The potential for controlled mineralization of monodisperse, biocompatible nanoparticles has made Dps, along with other protein cages such as ferritins and virus capsids, attractive platforms for bionanotechnology (11). Protein-encapsulated nanoparticles are being explored for applications in magnetic imaging (12,13) and renewable energy (14). There has also been significant work done on the details of nanomineral formation. The protein-inorganic composites are small enough that their mass can be measured with noncovalent mass spectrometry (15), allowing a detailed look at the process of mineral formation. The mass spectrometry data can be adequately described by a simple nucleation and growth model in which ions enter the protein cage, are bound and oxidized at well-defined sites on the cage interior, and then are added to a growing nanoparticle at a rate proportional to the particle's surface area.

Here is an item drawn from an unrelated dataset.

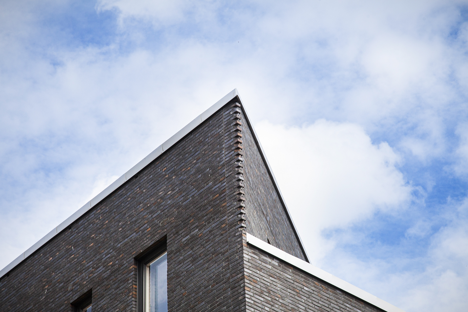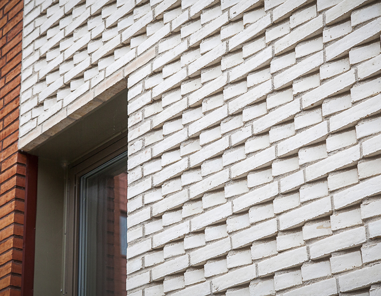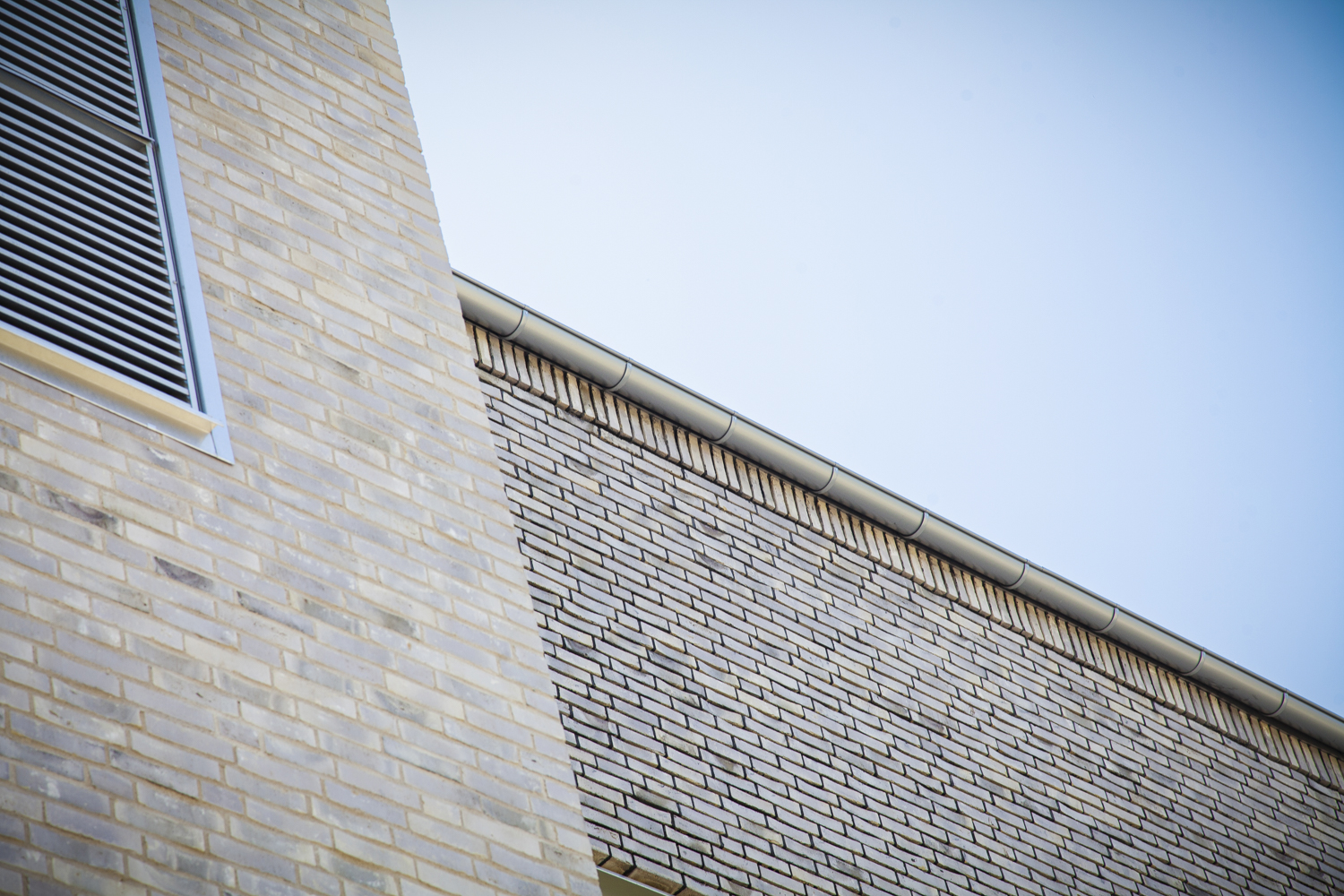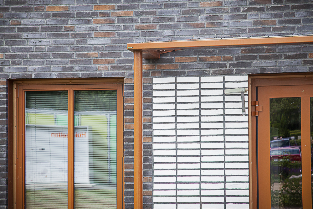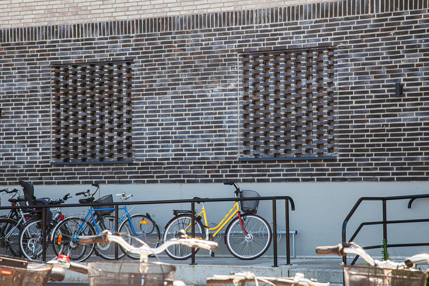 One of the ideas was that the rounded window sash would lead in trailing light along the facades. On the northern façade, the creepers are rounded on both sides, to maximize both morning and evening light. On the eastern façade, the slip is rounded to the south, so that the southern light is directed in, while to the north, the slip has a straight edge. Above each gate, we used the brick to create a brick pattern on the facade, different patterns for each gate. This resulted in each gate having its own expression and identity.

The mechanistic details of ion entry and binding are difficult to characterize experimentally. Crystallographic studies have shown Fe3+ ions bound to a unique intersubunit ferroxidase site formed by E62 and D58 from one subunit, together with H43 and H31 from an adjacent subunit (16,17). In addition, mutagenesis studies have shown that D130, located near one of the C3 axes of the dodecamer, is essential for iron uptake. Mutation of this residue to a neutrally charged asparagine eliminates most of Dps's functional activity, even if the ferroxidase site is still intact (18).

This study aims to connect these two known functional sites—the entry point of solution ions into the cage and the catalytic site at which they are oxidized—using all-atom molecular dynamics (MD) simulations (19). All-atom MD is well suited to problems in which the motions of water molecules and ions need to be tracked explicitly. The trajectories created using MD are often very noisy due to the diffusive character of molecular motions. To extract a coherent picture of ion motion, a novel genetic algorithm (GA) (20) is used to extract probabilistic temporal interaction sequences from noisy data. The calculated ion pathways provide temporal sequences connecting the known interaction sites. This method for extracting temporal sequences may be applicable to other biomolecular systems that drive the motion of ions or small molecules, such as transmembrane channels and ion pumps.

The trajectory analysis scheme described below can be separated into four parts.

First, ion-protein distances are analyzed to obtain life histories that describe the sequential interactions of an individual ion with various sites on the protein.

Second, these interaction lists are used to build up a matrix of temporal correlations between protein residues; two residues are temporally correlated if ions typically interact with one residue before the other. These correlations form the basis of further claims about the order in which ions interact with different sites on the protein cage.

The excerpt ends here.